__How to complete this task__: The required output is the exact text of the lines from the line containing "Mousepad Christmas Cats" through the final line below, inclusive, without pictures.

__Stored items__:
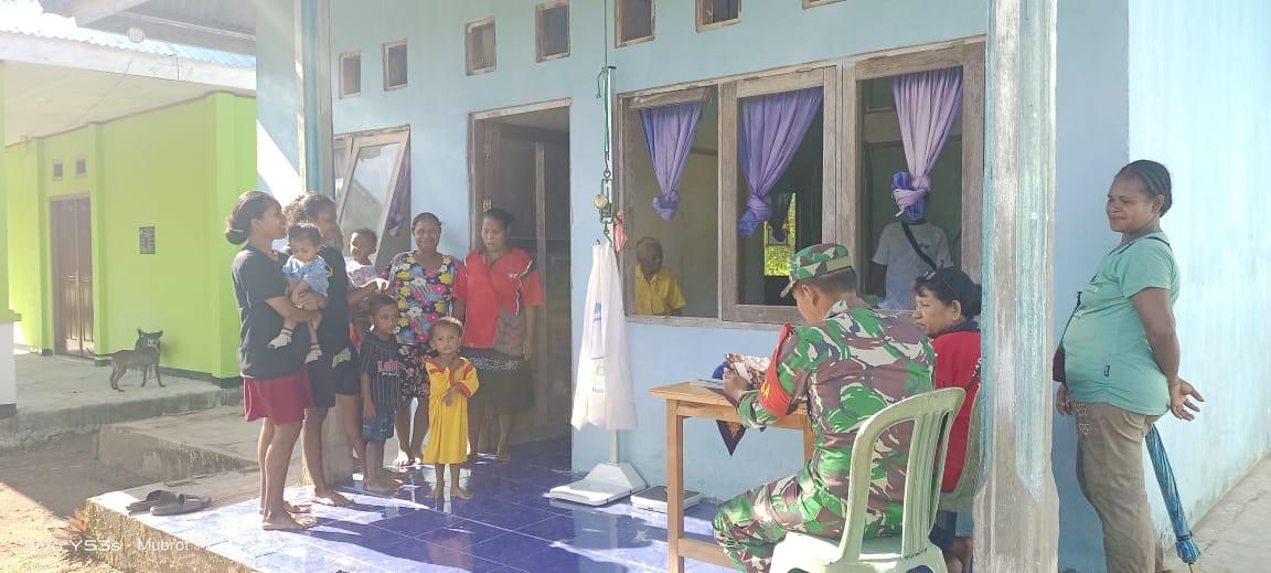 Sertu Tri Djane menyampaikan Kegiatan posyandu ini merupakan program rutin yang dilaksanakan oleh petugas kesehatan yang dibantu oleh kader PKK, yang ditugaskan membantu untuk mengontrol kesehatan Balita dan Ibu hamil yang ada di kampung kalisade.
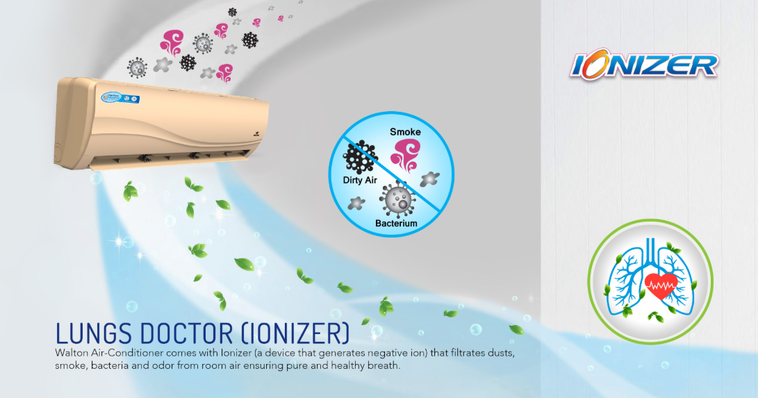 রিভারাইন এসিটি ওয়ালটন আনছে একটি বিশেষ প্রযুক্তির সাথে, যার নাম আইওনাইজার। যার মাধ্যমে এই এসিকে বলা হচ্ছে আপনার ফুসফুসের ডাক্তার। এখানে এসিটি বাতাসে নেগেটিভ আয়ন ত্যাগ করে, যা বাতাসের ভেতর বিদ্যমান অতিক্ষুদ্র ধূলিকণা, ধোয়া, ব্যক্টেরিয়া এসব এসির মাধ্যমে দূর করে। এই নন ইনভার্টার এসিটি কম পরিমানে নয়েস সৃষ্টি করে, যার ফলে রাতে ঘুমানোর সময়েও অনাকাঙ্ক্ষিত যান্ত্রিক শব্দ কানে লাগে না।
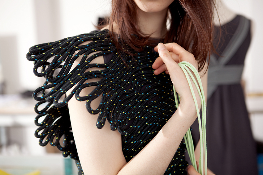 Printed One and Printed Two are the results of an exploration into the possibilities of appropriating the principles of this type of 3D printing in fashion manufacturing. The outer surfaces of the dresses are produced in a hand making process whereby a continuous strand of rope is draped across the body form. By selecting and sometimes changing the direction of the rope certain parts of the body are high-lighted and emphasis curves, muscles and or bone structures.
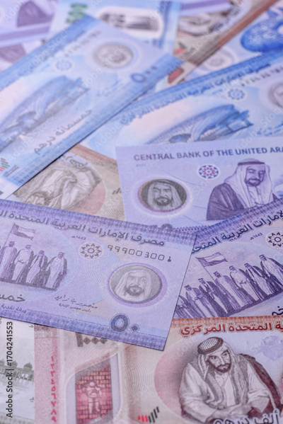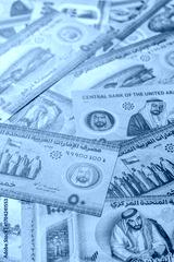 UAE money, dirhams, cash arabic banknotes for financial and business processes. Emirates cash
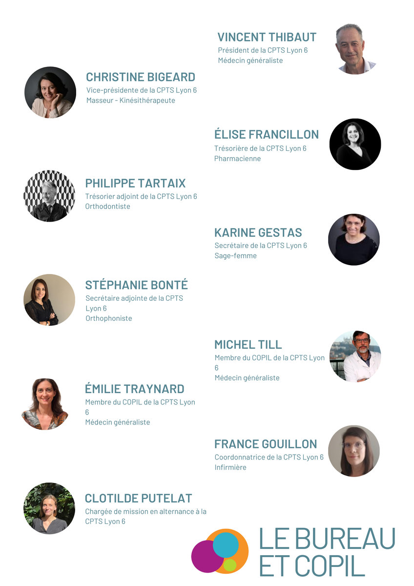En 2022, de nombreuses réunions se sont enchaînées dans les locaux de l’URPS médecins, rue Barrier pour permettre la création de l’association CPTS LYON 6. En septembre 2022, l’assemblée générale constitutive a eu lieu afin d’élire les représentants du Conseil d’Administration puis les membres du bureau. Une réflexion particulière sur une gouvernance équilibrée et paritaire a été menée afin que soit représenté l’ensemble des catégories de professions de santé dans la CPTS.
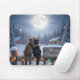 Mousepad Christmas Cats Embracing On a Snowy Fence
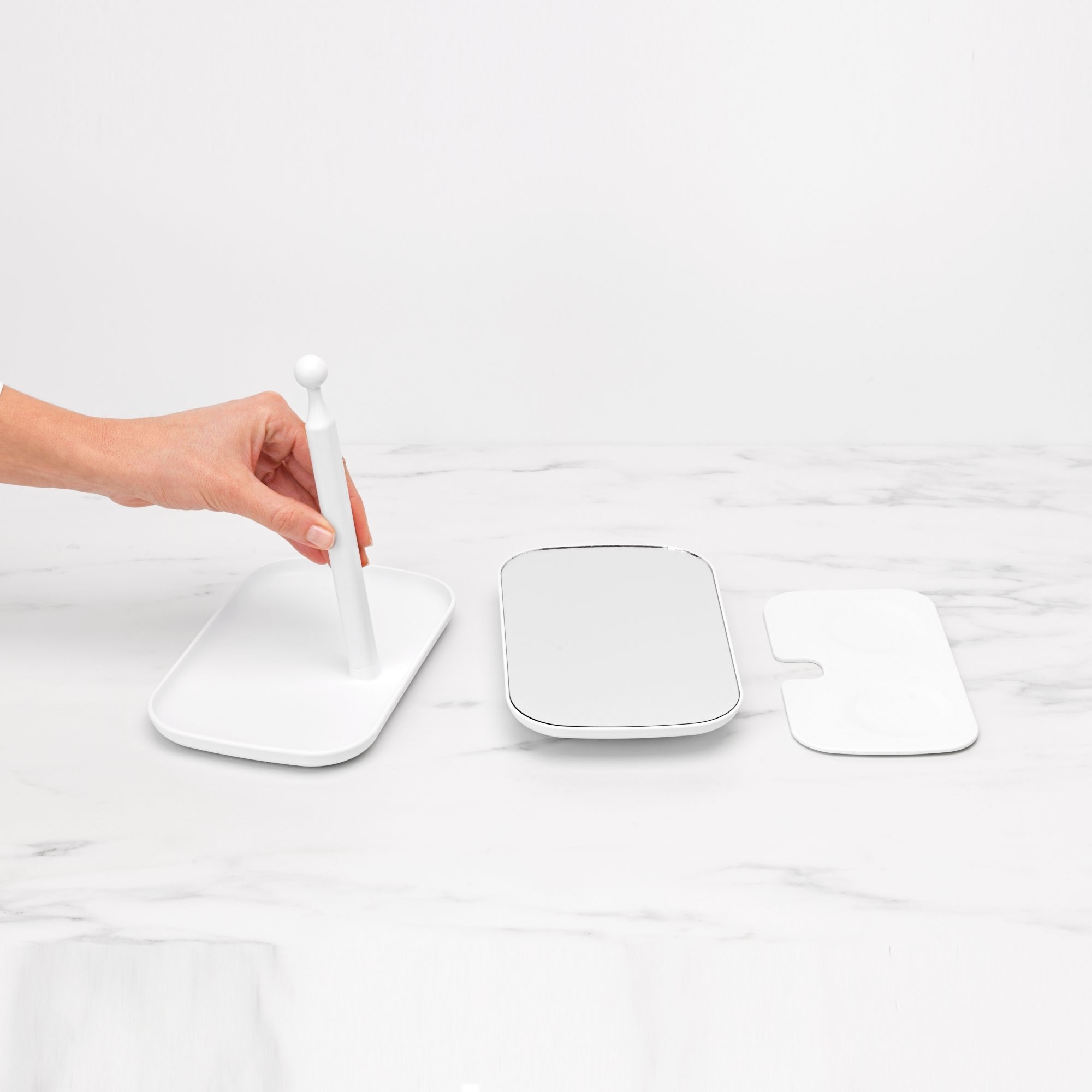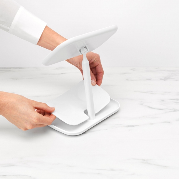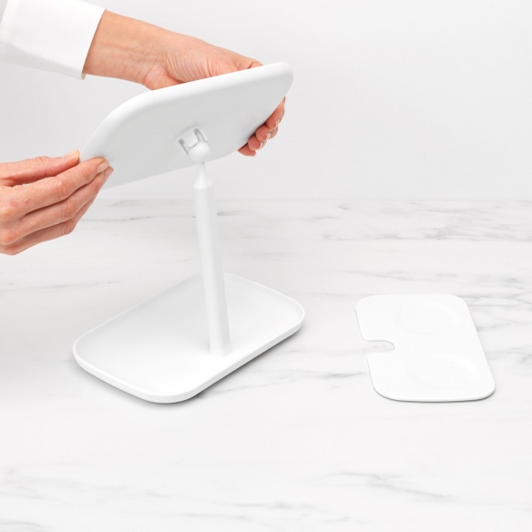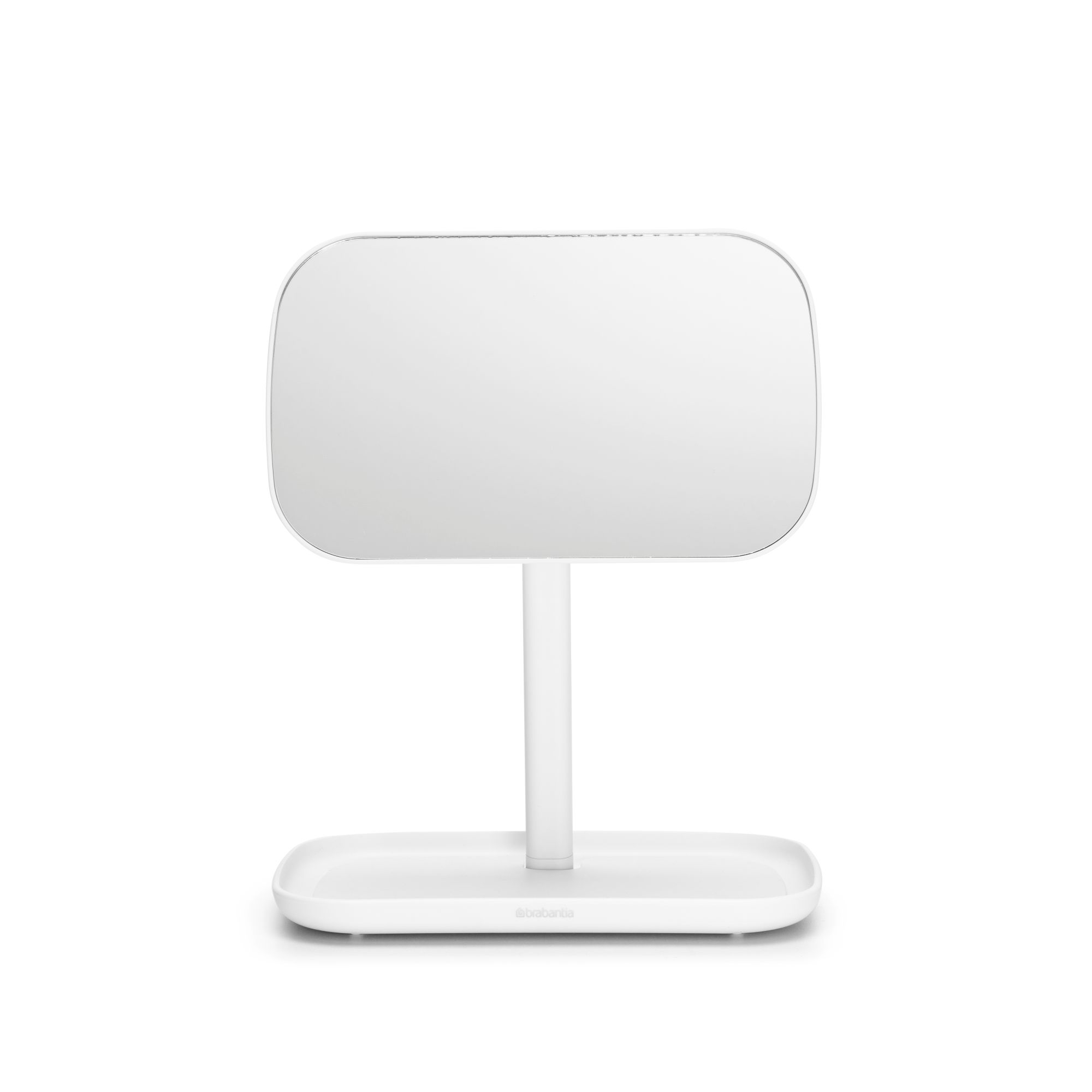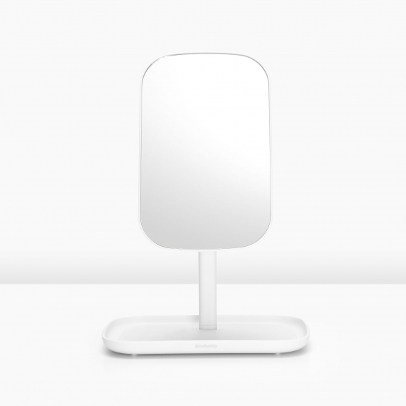 Bathroom mirror from the ReNew collection, made of thermoplastic resin. Available in 3 stylish color finishes, the ReNew bathroom mirror features a storage tray, perfect for organizing small items, makeup or jewelry. 360 degree adjustable, ideal for a morning shave or make-up. A versatile object able to give an exclusive look to any bathroom. Made by Brabantia.

__Result of this task__:
 Mousepad Christmas Cats Embracing On a Snowy Fence
 Bathroom mirror from the ReNew collection, made of thermoplastic resin. Available in 3 stylish color finishes, the ReNew bathroom mirror features a storage tray, perfect for organizing small items, makeup or jewelry. 360 degree adjustable, ideal for a morning shave or make-up. A versatile object able to give an exclusive look to any bathroom. Made by Brabantia.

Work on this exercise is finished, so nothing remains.